RECORDS PROVIDED —

--- START ---

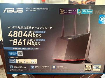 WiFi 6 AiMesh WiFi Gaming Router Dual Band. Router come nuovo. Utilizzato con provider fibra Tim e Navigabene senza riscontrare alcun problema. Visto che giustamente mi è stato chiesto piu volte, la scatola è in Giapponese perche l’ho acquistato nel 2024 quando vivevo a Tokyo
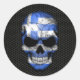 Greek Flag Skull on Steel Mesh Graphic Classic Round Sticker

--- END ---
--- START ---

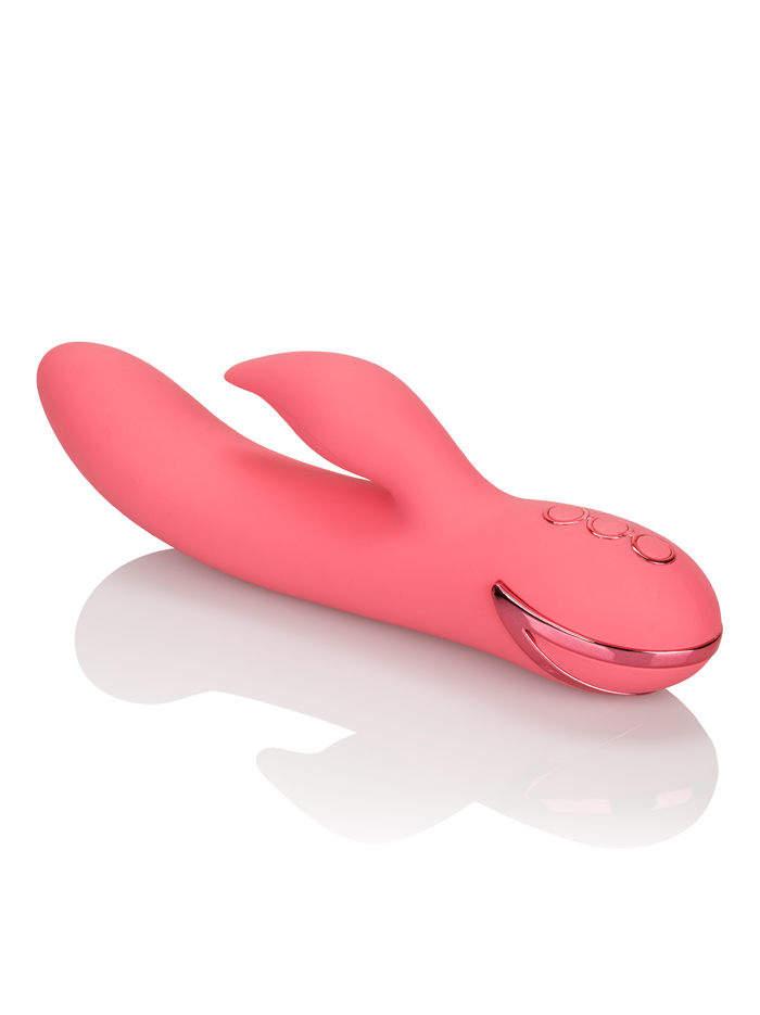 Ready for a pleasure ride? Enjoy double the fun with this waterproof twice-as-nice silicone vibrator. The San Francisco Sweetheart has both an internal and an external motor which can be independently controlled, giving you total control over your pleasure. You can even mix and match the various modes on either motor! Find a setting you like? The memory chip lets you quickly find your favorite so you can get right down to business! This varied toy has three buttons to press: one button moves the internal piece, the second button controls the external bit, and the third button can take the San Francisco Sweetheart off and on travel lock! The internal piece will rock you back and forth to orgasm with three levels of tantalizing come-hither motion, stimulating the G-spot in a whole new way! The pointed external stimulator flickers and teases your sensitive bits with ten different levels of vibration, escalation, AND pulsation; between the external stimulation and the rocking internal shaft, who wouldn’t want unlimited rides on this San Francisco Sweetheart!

--- END ---

PROBLEM — Precisely those lines above that run from the line with "WiFi 6 AiMesh" up to and including the line with "Greek Flag Skull" are to be set down, with the pictures omitted.

ANSWER SPACE —
 WiFi 6 AiMesh WiFi Gaming Router Dual Band. Router come nuovo. Utilizzato con provider fibra Tim e Navigabene senza riscontrare alcun problema. Visto che giustamente mi è stato chiesto piu volte, la scatola è in Giapponese perche l’ho acquistato nel 2024 quando vivevo a Tokyo
 Greek Flag Skull on Steel Mesh Graphic Classic Round Sticker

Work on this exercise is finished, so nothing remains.